Татьяна расслабленно улыбалась, радуясь, что угодила подарком. Мать не любила платки, как и не любила вещи, случайно встреченные на ком-то еще. Все у нее должно быть особенным, только для нее созданным. Ажурный шарф ручной работы благородно оттенял все еще не потухшие глаза Варвары…
— По погоде посмотрим. Вот подсохнет, и поедем, помянем нашего Николая, — Татьяна уютно пристроилась на диване, и ей совсем не хотелось на кладбище. — Я на кладбище с похорон не была, боюсь, заблудимся без Любы… Мам, ты в Омске сказала, где найти тебя можно? Как некому сказать? Ну хорошо, что хоть мой телефон у соседки есть. Как зачем? Да хоть из собеса или еще откуда придут. Тебе что, и пенсия уже не нужна?
— Захотят — найдут. Я уже и регистрацию оформила. Так что считай меня подмосквичкой.
— Кем, кем?
— Подмосквичкой. Ну, не из Москвы, а из Подмосковья.

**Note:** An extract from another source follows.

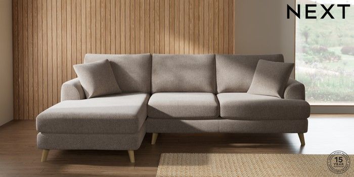 7.2.4 Buy Parker Medium Sofa Chaise - Left Hand Chunky Chenille Light Dove Low Retro Tapered - Light from the Laura Ashley online shop Click here to use our website with more accessibility support, for example screen readers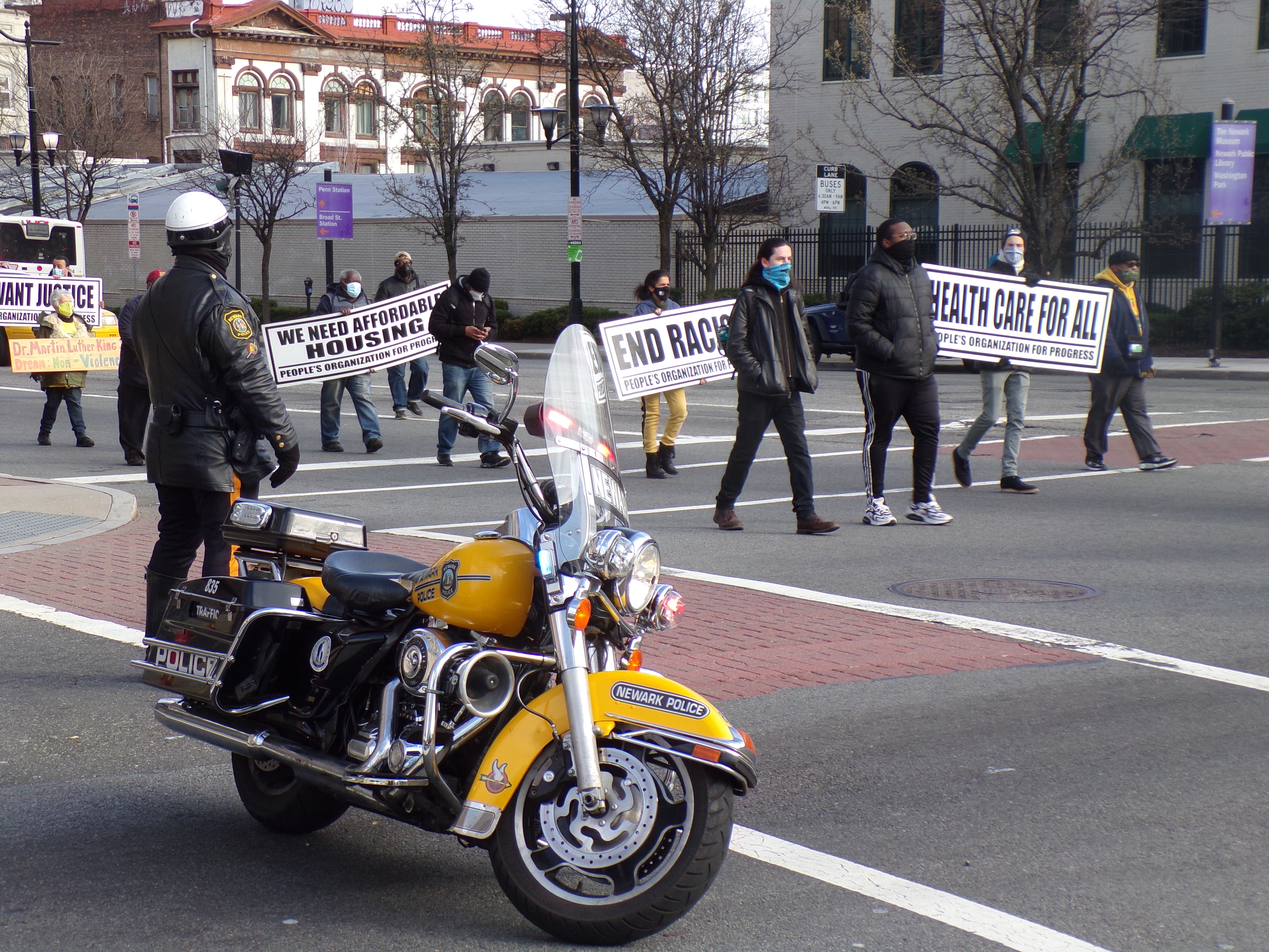 Mounted Newark Motorcycle Police, their vehicles flashing lights and emitting siren blares to clear the way, headed down Market Street to Broad with the activists behind them, Hamm's voice projected over a microphone.

Четыре березы одинаковой высоты окружали могилу с четырех сторон света. Они исправно сторожили покой Николая, давая прохладу в жаркие дни и укрывая от ветра в осенние. Жаркие дни бывали в середине июля, когда память вела на кладбище в день рождения Николая близких ему людей. Осенние дни тоже вспоминались, потому что именно осенью простился Николай с этой жизнью.
Облокотившись на ограду, Варвара осмотрела крест, на который они с Татьяной повесили купленный у входа веночек, и удовлетворенно перевела взгляд на соседний участок. Там было тесно — покоились двое, и, судя по надписям, муж и жена. Муж пережил жену всего на год. «Да, не живут мужики без надзора. Набалованная порода. А жены торопиться не любят. Возьми Любу, — за гостями да за картами ей не то что печалиться, вспомнить о муже иной раз некогда», — Варвара устыдилась своих мыслей, вспомнив, что сама не знает, как бы себя вела, стань вдовой после полувекового брака.
— Не мне судить, — произнесла она вслух.
— О чем ты, мама? — Татьяна выложила на скамейку бутерброды, разлила в пластиковые стаканчики стограммовый шкалик. — Так помянем, что ли?
Березы качнули ветками, и редкое в этом году солнышко высветило незамысловатую трапезу за помин души.
Позже, подъезжая на электричке к вокзалу, Татьяна через вагонное окно заметила двух мужчин. Уже на платформе, проходя мимо, она ненароком обернулась, и — словно острый коготок процарапал что-то внутри.
Ох, Татьяна, Татьяна. Оторвись от своей ненаглядной персоны и посмотри вокруг. Что повело тебя к моему погосту? Нет, не зов души. Это Варвара. И если мать твоя уже сподобилась на что-то толковое, то и ты, надо думать, сподобишься. А на внука своего посмотри пристальнее. Вдруг узнаешь, или сердцем почуешь. А я помогу. Уже помогаю.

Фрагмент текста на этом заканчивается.